## How to stimulate the arithmetic reasoning ability of large models? Scientists gi

Large models have garnered widespread attention over the past year or two, particularly for their achievements in solving mathematical problems.

In fact, as early as 2022, researchers from the Google Research team proposed the Chain-of-Thought (CoT) prompting technique, an effective method for improving the mathematical reasoning of large models, and validated its effectiveness in few-shot context learning [1].

Although this method was quickly widely adopted, researchers in the field still know very little about how it stimulates the arithmetic reasoning abilities of large models.

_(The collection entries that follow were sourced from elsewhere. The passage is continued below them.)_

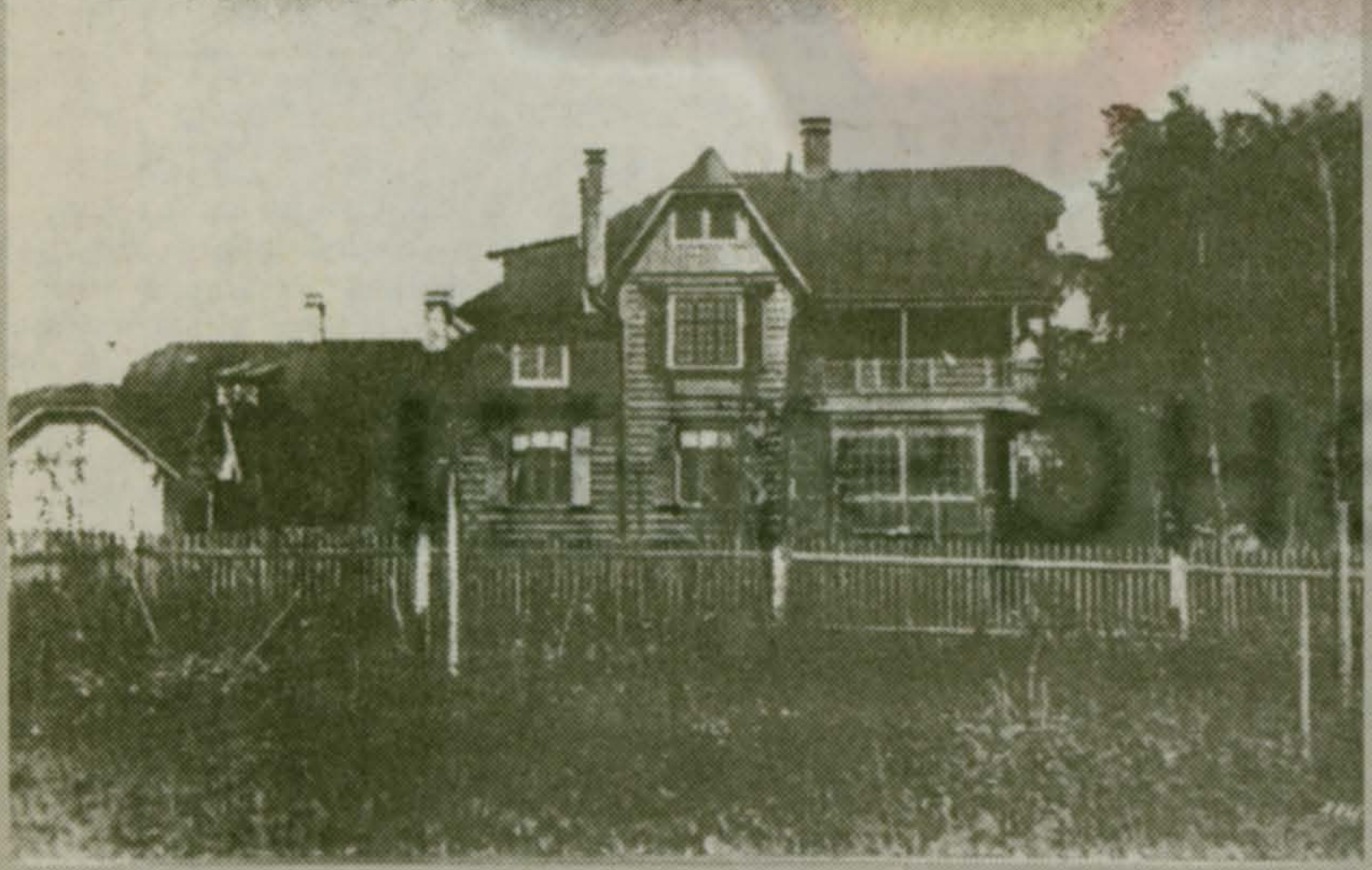
О судьбе дома Телешова - в рубрике «О чем писал «Малаховский вестник» 10 лет назад (стр. 2, с продолжением в сл. номере).
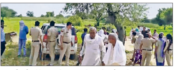
सतनाली मंडी। मोके पर उपस्थित प्रशासनिक अधिकारी व पुलिस।

ब्लड कंफेनेट्स सीटी/एमआरआई ईएसडब्ल्यूएल लेजर थरेपी हेमोडायलिसिस कैथ लैब प्रोसिजर एज पर नाको पब्लिक प्राइवेट पार्टनरशिप पब्लिक प्राइवेट पार्टनरशिप पब्लिक प्राइवेट पार्टनरशिप पब्लिक प्राइवेट पार्टनरशिप इन कैटेगरी को रखा है फ्री: प्रदेश सरकार ने बीपीएल हरियाणा, अंत्योदय अन्न योजना एचवाई स्कॉम के लाभार्थी, प्रखर पूर्व एवं डिजिटर के कुछ दिन बाद की महिलाएं, एक वर्ष तक के शिशु, आर्टीएबेडोश/अज्ञात मरीज, परेन्ट डिपेंडेंट्स इत्यादि जीवित बचे लोगों, कैदी, स्वतंत्रता सेनानी, वृद्धवस्था पेंशनर, विकलांग कर्मचारी, विधवा पेंशनधारी एवं आयुष्मान कार्डधारी को सरकारी अस्पतालों में जांच एवं उपचार के लिए फ्री घोषित किया गया है। बाकी सभी के ऊपर विधायक वर्ज लगेगा। इसलिए अस्पताल आने से पहले मरीजों को अब न केवल अपना आधार कार्ड, बल्कि राशन कार्ड व उसकी फोटोकॉपी भी साथ लेकर आना होगा।
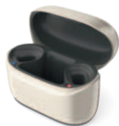
Phonak Charger RIC I
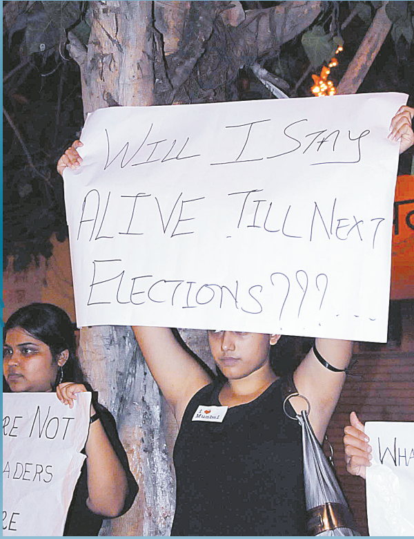
12月3日,在孟买泰姬玛哈酒店附近,抗议者手举有“我能否活到下一次选举?”的标语示威。

弹重大约4公斤。孟买反恐部门高级官员K.P.拉古瓦什介绍,一个拆弹小组迅速赶到,将炸弹拆除,“警方已掌控局势”。
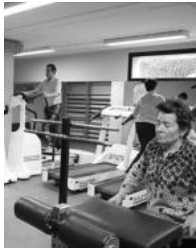
Belabietako kirolgunea zabaldu eta hobetzeko neurri desberdinak hartzeko nahia agertu du Udalak. R. CALVO

Udalaren helburua hainbat faseetan banatuta neurri ezberdinak hartzea da eta horiek gauzateko urteko aurrekontuaren erabiliko
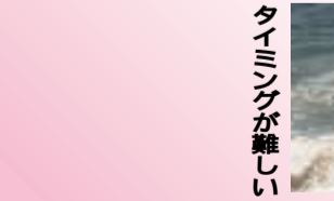
タイミングが難しい
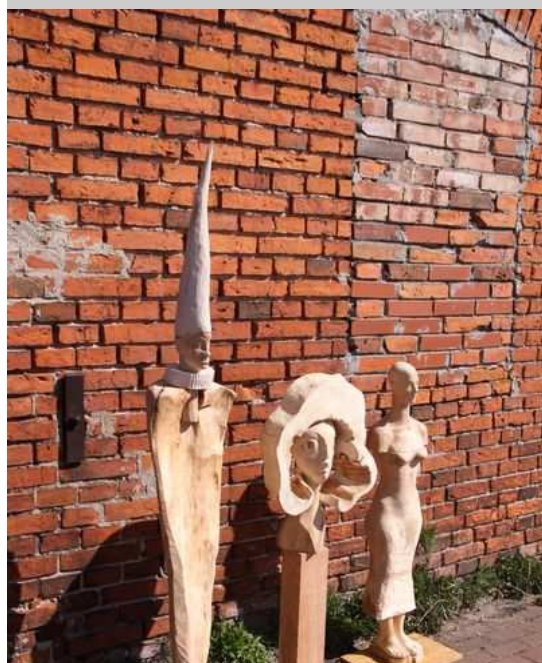
Najnowsze prace Edwarda Szatkowskiego
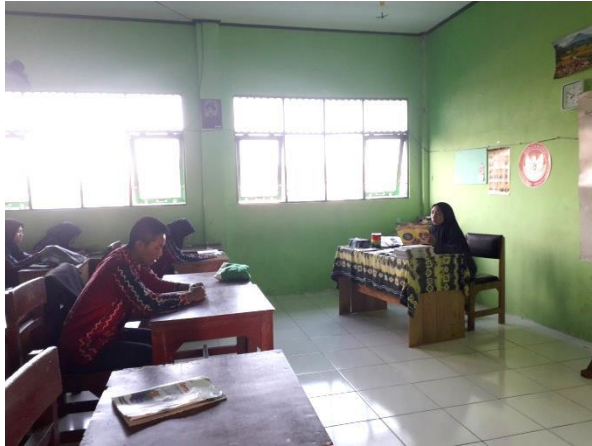
Gambar 1: Guru PAI ikut serta membaca Al-Qur'an sekaligus mengawasi peserta didik
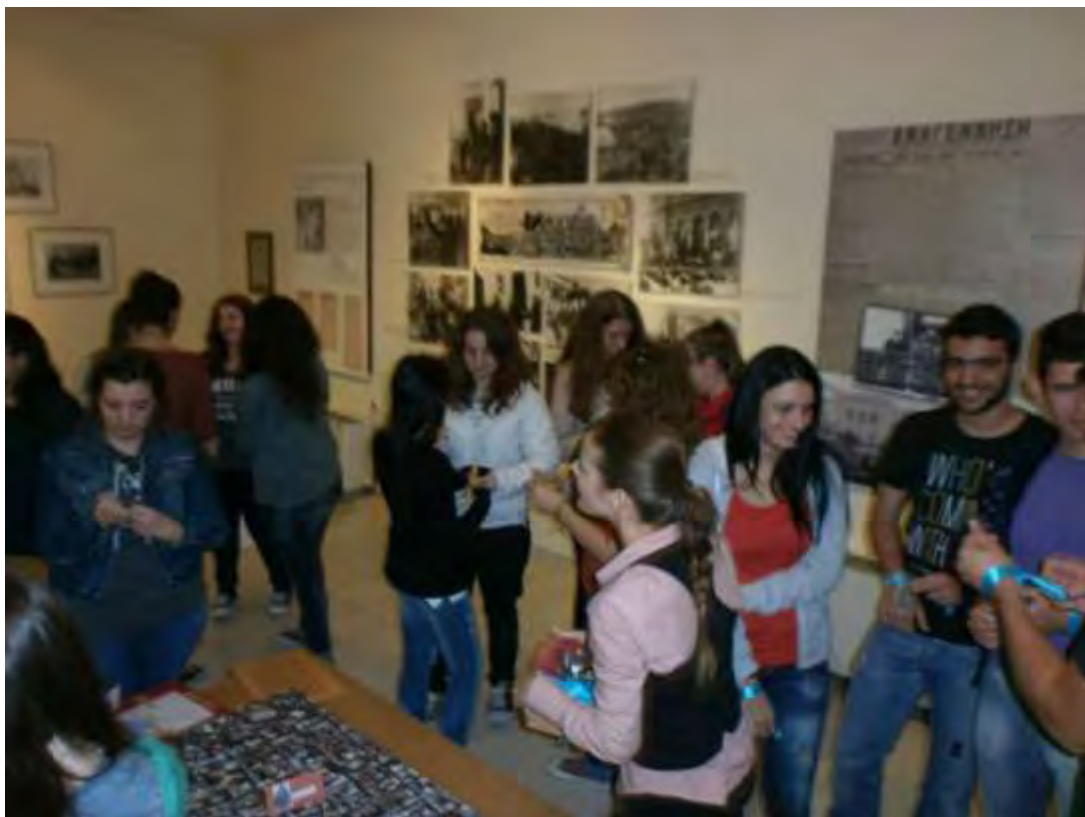
Εικόνα 19: Χωρισμός ομάδων και χορήγηση κορδελών
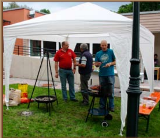
Wichtiges Team für alle: Die Männer vom Grill
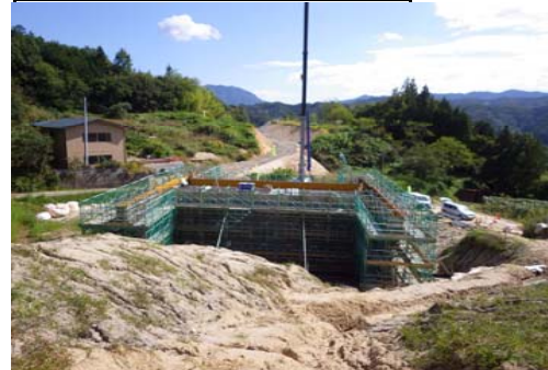
みよた 御代田地区
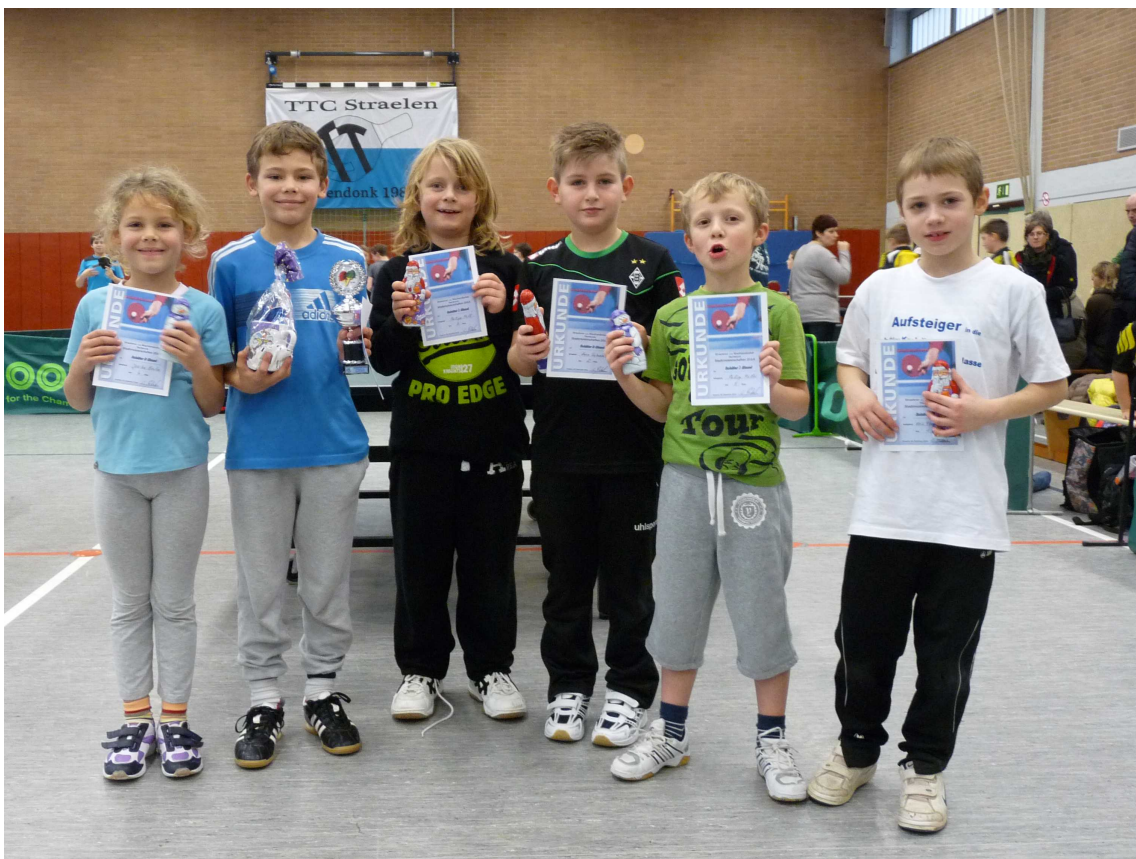
Schüler D nach der Siegerehrung
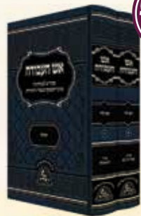
אש העבודה תפילה אש החסידות
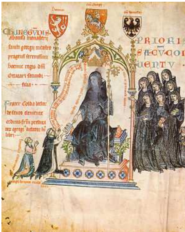
Pasionál abatyše Kunhuty, 1313-1321
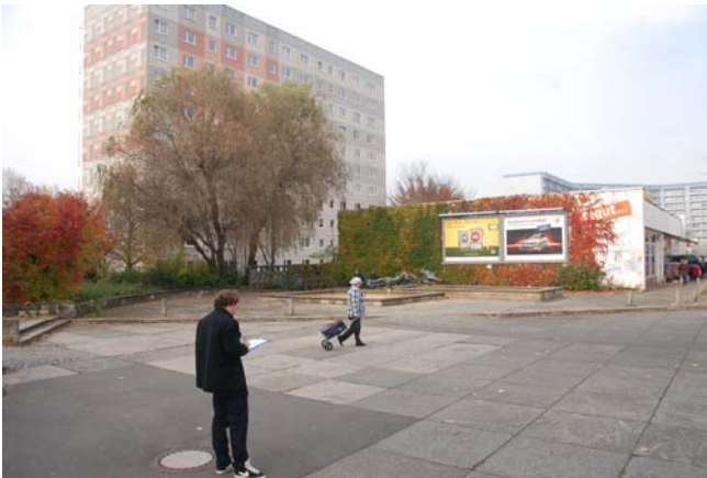
Vorplatz mit Wasserbecken
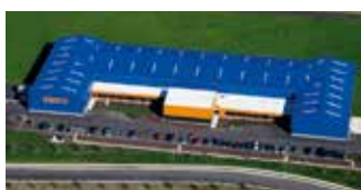
Hörmann Flexon LLC, Burgettstown PA, USA
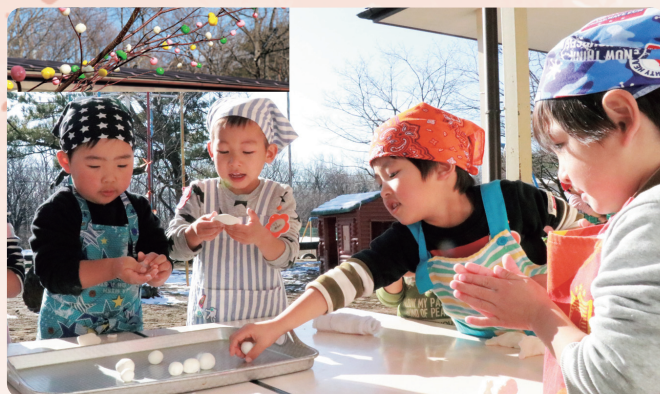
年少中長(みかん組、りんご組、めろん組)45人の園児が、病気になるないようにと心を込めてとんぼだんごを作りました(1/14 那須高原保育園)
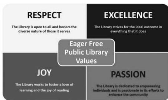
Příklad vizualizace hodnot v Eager Free Public Library

Řada výzkumů potvrzuje, že veřejné knihovny v dnešní době přesahují svoji původní roli. Proto je důležité definovat si základní pojetí významu knihovny esenciální otázkou: Co je to knihovna? (Harland, Stewart, Bruce, 2012). Při samotné definici hodnot si můžeme klást otázky typu: Jaké následky by mělo náhlé přerušení fungování našich služeb, popř. v kterých činnostech je knihovna nezastupitelná? Můžeme si zkoušet odpovědět i na to, kolik času či financí poskytováním svých služeb ušetříme jednomu uživateli, popř. celé komunitě (Oakleaf, 2010).

Previous related explorations have mainly focused on experimentally observing the impact of different components in CoT prompt statements on the arithmetic reasoning of large models.

Advertisement

Specifically, attempts were made to replace or remove parts of the CoT prompt statement, such as removing the verbal reasoning part in the CoT samples, leaving only the key mathematical formulas, and judging whether the replaced or removed part has an important contribution to stimulating the arithmetic reasoning ability of large models by observing the performance differences of large models on existing arithmetic reasoning benchmark tests before and after the replacement or removal.Although researchers in this field have discovered several interesting phenomena from these studies, they still cannot explain how CoT stimulates the arithmetic reasoning ability of large models from the internal mechanisms of neural networks.

At the same time, these studies have also raised more questions. For example, why different components of CoT have varying degrees of impact on the arithmetic reasoning of large models.

To address the above issues, Professor Yao Ziyu from George Mason University in the United States and his team started a series of explorations on the open-source Llama2 model from the perspective of "model interpretability" and proposed using "neuron activation" to systematically explain the phenomena observed in existing studies on CoT.

Recently, the relevant paper titled "An Investigation of Neuron Activation as a Unified Lens to Explain Chain-of-Thought Eliciting Arithmetic Reasoning of LLMs" was accepted by the International Conference on Computational Linguistics (ACL, Annual Meeting of the Association for Computational Linguistics) in 2024 [2].

Daking Rai, a doctoral student at George Mason University, is the first author, and Yao Ziyu serves as the corresponding author.In the study, they first focused on exploring whether the neurons in the Transformer feedforward layer expressed the concept of arithmetic reasoning.

The related concepts include the concepts of arithmetic operations such as addition, subtraction, multiplication, and division, the concept of logical connections in the arithmetic reasoning process (e.g., "so," "next"), and other arithmetic calculation concepts (e.g., "percentage," "algorithm," "formula").

Therefore, to discover the concept represented by each neuron, they mapped the neurons to the vocabulary space of the large model and summarized the meaning represented by the neuron by annotating the proportion of the concept on each word after the neuron mapping.

The research group proposed using GPT-4 to read and understand the vocabulary mapping of neurons to automate this process of neuron annotation and mining.

The experiment showed that there are indeed neurons in the Transformer feedforward layer that represent arithmetic concepts. When these neurons are damaged, the arithmetic reasoning ability of the large model will be compromised.At the same time, researchers also observed that the activity level of these neurons is positively correlated with the arithmetic reasoning ability of the large model. This positive correlation explains why different prompt statements can have different effects on the arithmetic reasoning of the large model.

Based on these neurons, the team systematically explained four CoT-related phenomena observed in previous studies.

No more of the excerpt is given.